E You must feed a value for placeholder tensor ‘Placeholder_5’ with dtype int32
E [[Node: Placeholder_5 = Placeholderdtype=DT_INT32, shape=[], _device="/job:worker/replica:0/task:0/device:CPU:0"]]
E [[Node: b3/read_S591_G3013 = _Recvclient_terminated=false, recv_device="/job:worker/replica:0/task:0/device:GPU:1", send_device="/job:worker/replica:0/task:0/device:GPU:3", send_device_incarnation=-8674475802652740309, tensor_name=“edge_2390_b3/read_S591”, tensor_type=DT_FLOAT, _device="/job:worker/replica:0/task:0/device:GPU:1"]]
E
E Caused by op ‘Placeholder_5’, defined at:
E File “DeepSpeech.py”, line 1838, in
E tf.app.run()
E File “/home/maybe/anaconda3/envs/asr/lib/python3.6/site-packages/tensorflow/python/platform/app.py”, line 126, in run
E _sys.exit(main(argv))
E File “DeepSpeech.py”, line 1820, in main
E train(server)
E File “DeepSpeech.py”, line 1489, in train
E tower_feeder_count=len(available_devices))
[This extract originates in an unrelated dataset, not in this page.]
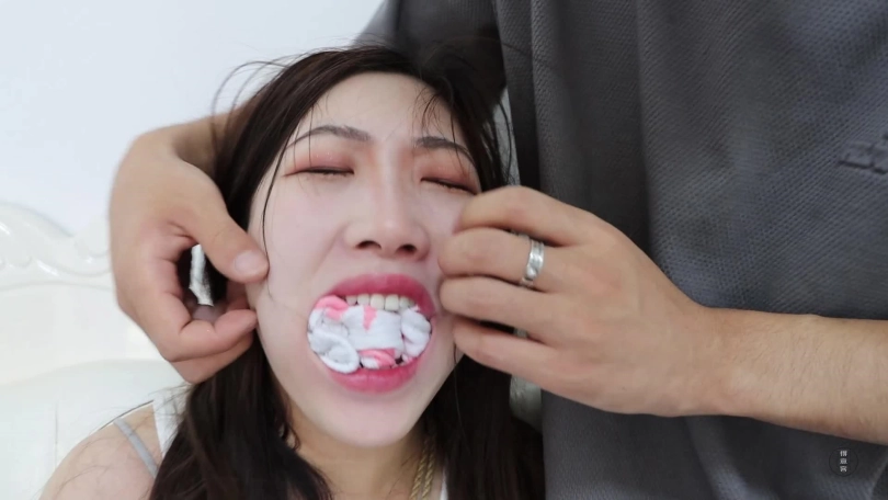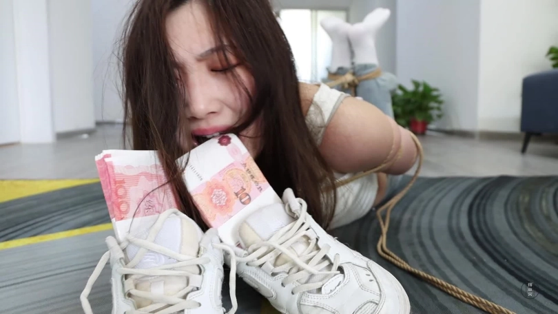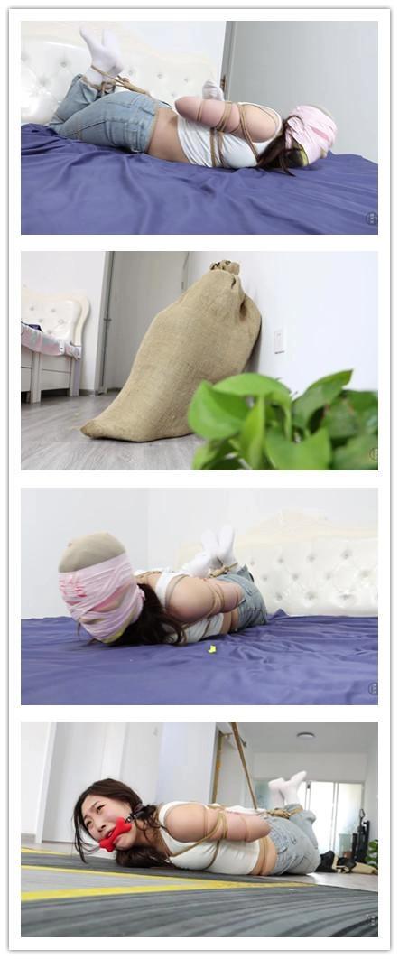安安又把钱花完了,没办法的她只好打响了男闺蜜的电话,平时都能借到钱的她,这次碰上了聪明的男闺蜜,男人说:除非做他女朋友,不然不借。安安可不愿意,还当面骂人家屌丝,还说自己有的是愿意借钱的男人!不是不报,时候未到。安安玩了会手机,穿鞋出门去吃饭,可一开门,男人出现,并将枪[X_X]她的嘴里,把她逼到房间后,然后做屈辱姿势,撅起屁股然后捆绑她。安安被绑得结结实实,手上还套上了白袜,嘴巴被男人用粉白麻叶袜子堵得死死的,再用银色胶带缠绕封上。黄色麻叶袜子封住眼睛,胶带固定。身上绑着绳子的安安只能扭动身子,口不能说,眼不能看。男人还没爽够,把她塞入麻袋里,让她在里面尽情挣扎。一会,男主回来,解开麻袋,解开安安嘴眼封印,又在她的大嘴巴里塞入五张纸巾,接着红色口球戴上伺候,再套入麻袋,又将麻袋套入收纳袋将其运送走。镜头一转,安安被带到不知何地,男主开始对她进行折磨。从麻袋出来的安安被捆绑成驷马倒攒蹄,戴上骨头口球,闻自己的臭鞋,然后男人将钱放入臭鞋里,让她爬过去叼出来,可这是个总不可能完成的任务。任务失败的安安被捂晕,接着结实捆绑在床上,男人用黄色麻叶袜子堵住她的嘴巴,再各种颜色胶带封上,丝袜套头再封,最后写上“肉货”,让她等待命运安排。

E File “/data/jugs/asr/DeepSpeech/util/feeding.py”, line 42, in init
E self.ph_batch_size = tf.placeholder(tf.int32, [])
E File “/home/maybe/anaconda3/envs/asr/lib/python3.6/site-packages/tensorflow/python/ops/array_ops.py”, line 1777, in placeholder
E return gen_array_ops.placeholder(dtype=dtype, shape=shape, name=name)
E File “/home/maybe/anaconda3/envs/asr/lib/python3.6/site-packages/tensorflow/python/ops/gen_array_ops.py”, line 4521, in placeholder
E “Placeholder”, dtype=dtype, shape=shape, name=name)
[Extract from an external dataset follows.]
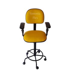 Cadeira secretaria caixa alta - braço com regulagem de altura - estrela de ferro com rodízio - aro - corano amarelo Cadeira caixa - aro para apoio dos pés - prolongador de altura - madeira reflorestada - espuma injetada - revestida em corano cipatex - bordas em pvc flexivel - pés de ferro com rodízio - pintura eletrostática epoxi - estrutura em aço com acabamento em pvc Altura do chão ao assento: Mínima 63 cm Máximo 75 cm Peso maximo recomendado: 110 kl Marca: Sintonia Flex

E File “/home/maybe/anaconda3/envs/asr/lib/python3.6/site-packages/tensorflow/python/framework/op_def_library.py”, line 787, in _apply_op_helper
E op_def=op_def)
E File “/home/maybe/anaconda3/envs/asr/lib/python3.6/site-packages/tensorflow/python/framework/ops.py”, line 3290, in create_op
E op_def=op_def)
E File “/home/maybe/anaconda3/envs/asr/lib/python3.6/site-packages/tensorflow/python/framework/ops.py”, line 1654, in init
E self._traceback = self._graph._extract_stack() # pylint: disable=protected-access
E
E InvalidArgumentError (see above for traceback): You must feed a value for placeholder tensor ‘Placeholder_5’ with dtype int32
E [[Node: Placeholder_5 = Placeholderdtype=DT_INT32, shape=[], _device="/job:worker/replica:0/task:0/device:CPU:0"]]
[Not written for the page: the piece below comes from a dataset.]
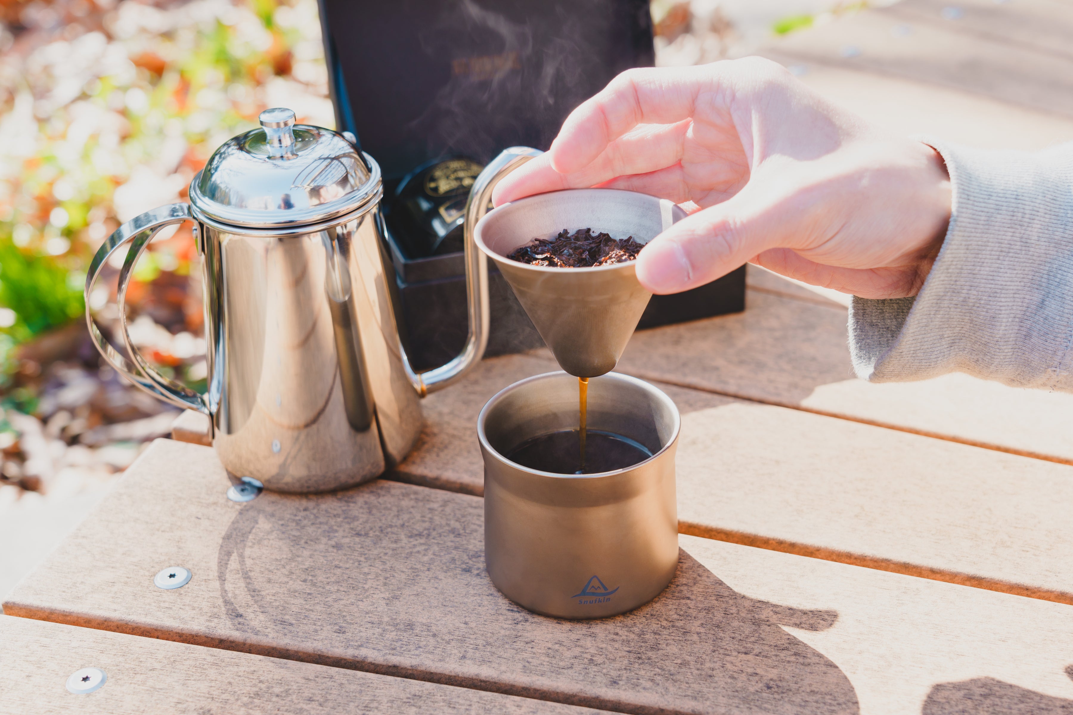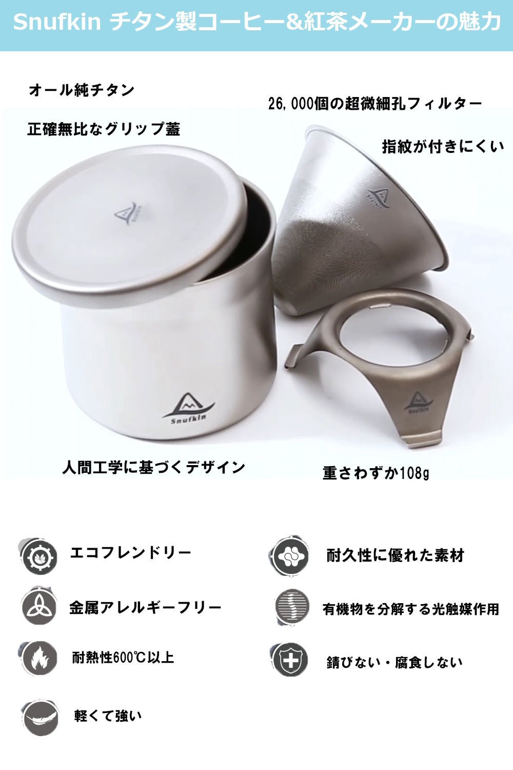 素材:(純チタン)マグカップ、フィルター、フタ、3脚

E [[Node: b3/read_S591_G3013 = _Recvclient_terminated=false, recv_device="/job:worker/replica:0/task:0/device:GPU:1", send_device="/job:worker/replica:0/task:0/device:GPU:3", send_device_incarnation=-8674475802652740309, tensor_name=“edge_2390_b3/read_S591”, tensor_type=DT_FLOAT, _device="/job:worker/replica:0/task:0/device:GPU:1"]]
E
E The checkpoint in /data/zh_data/checkpoint/distributedCkp/ does not match the shapes of the model. Did you change alphabet.txt or the --n_hidden parameter between train runs using the same checkpoint dir? Try moving or removing the contents of /data/zh_data/checkpoint/distributedCkp/.